Nick Ross (born February 10, 1989) is a Canadian professional ice hockey defenceman who is currently playing for Ducs d'Angers of the Ligue Magnus. 

He was drafted by the Phoenix Coyotes with the 30th pick of the 2007 NHL Entry Draft.

Playing career
Ross began his major junior career in the WHL with the Regina Pats in 2004–05, appearing in 10 games. After a 31-point campaign with the Pats in 2006–07, Ross was drafted 30th overall in the 2007 NHL Entry Draft by the Phoenix Coyotes. The next season, back in the WHL, he was traded from the Pats to the Kamloops Blazers on January 5, 2008, along with Spencer Fraipont and a fourth-round bantam draft pick, in exchange for Victor Bartley and Ryan Bender. Upon being eliminated from the 2008 WHL playoffs with the Blazers, the Coyotes assigned Ross to the San Antonio Rampage of the American Hockey League (AHL) for the remaining 4 games of the 2007–08 AHL season.

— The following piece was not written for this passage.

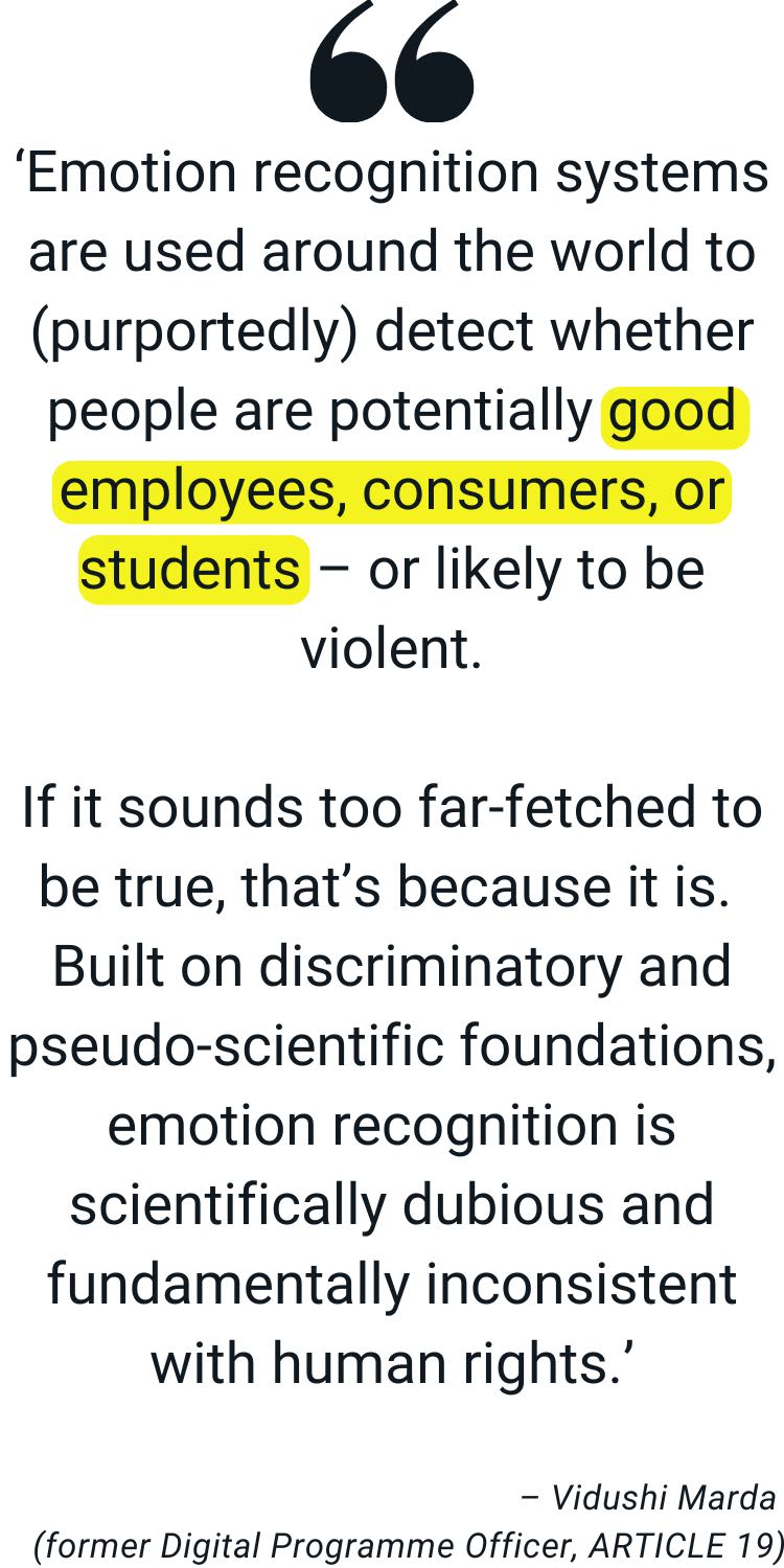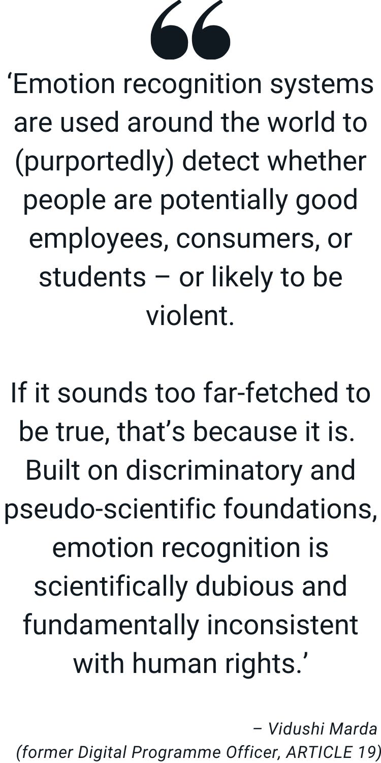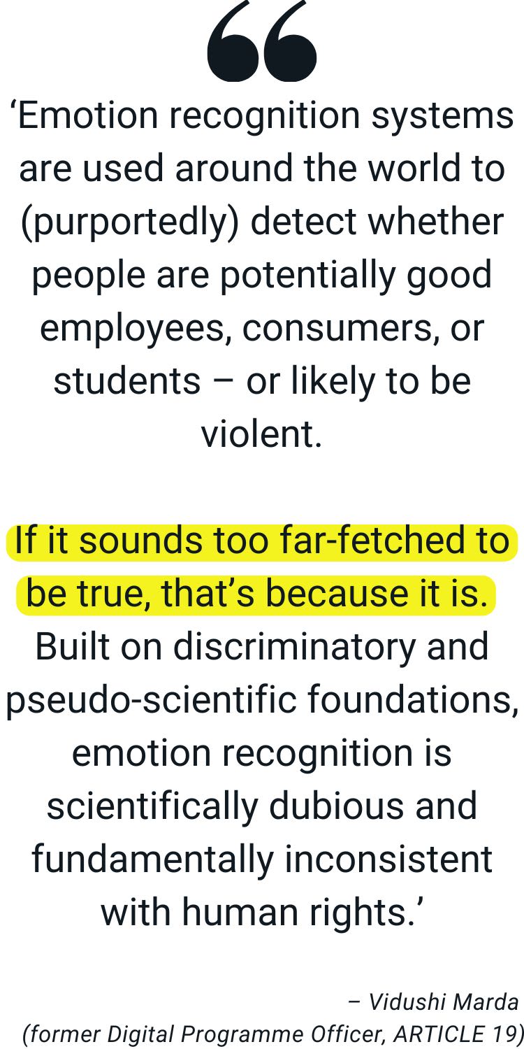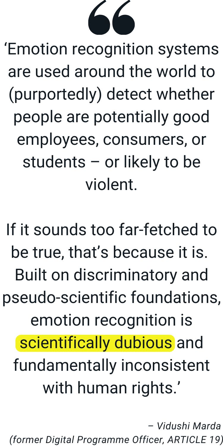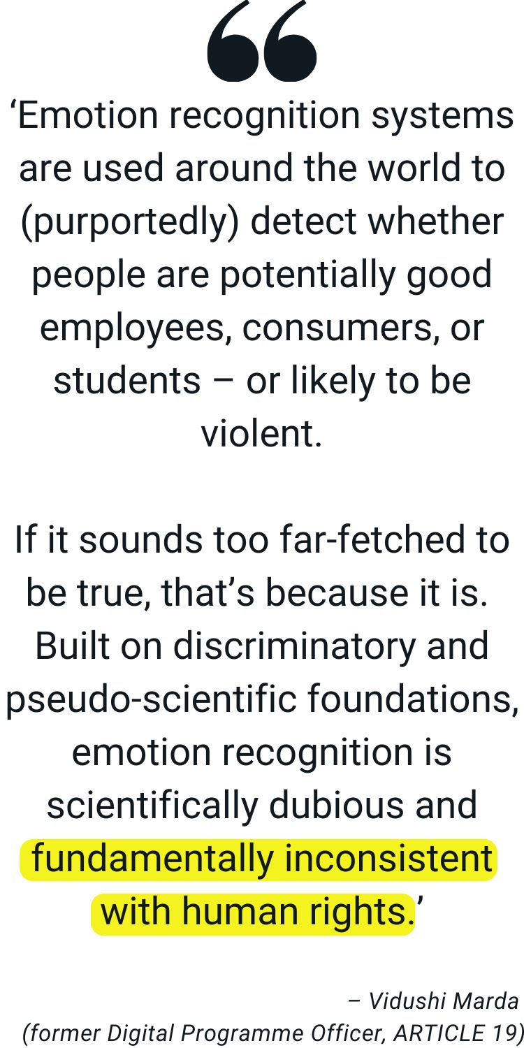 As ever, these threats disproportionately affect marginalised groups – from the anglocentrism of large language models to the eugenics-based pseudoscience of emotion recognition technology.

Returning to the Blazers the following season, in 2008–09, Ross was traded, along with Alex Rodgers, just before the January 10, 2009 trade deadline, to the Vancouver Giants in exchange for Curtis Kulchar and three bantam draft picks. He finished the season with an accumulated 43 points between the two teams. In the subsequent 2009 playoffs, after sweeping the Prince George Cougars, the Giants were pushed to a seventh game against the Spokane Chiefs in the second round where Ross scored the series-clinching goal in overtime – a point shot that deflected off a Chiefs defenceman.

On July 30, 2013, Ross returned for a second stint in the Austrian Hockey League, signing a one-year contract with HDD Olimpija Ljubljana. In the 2013–14 season, Ross enjoyed a more productive second tenure in the EBEL, posting 28 points in 39 games before opting to finish the season in the Italian Elite.A with HC Asiago.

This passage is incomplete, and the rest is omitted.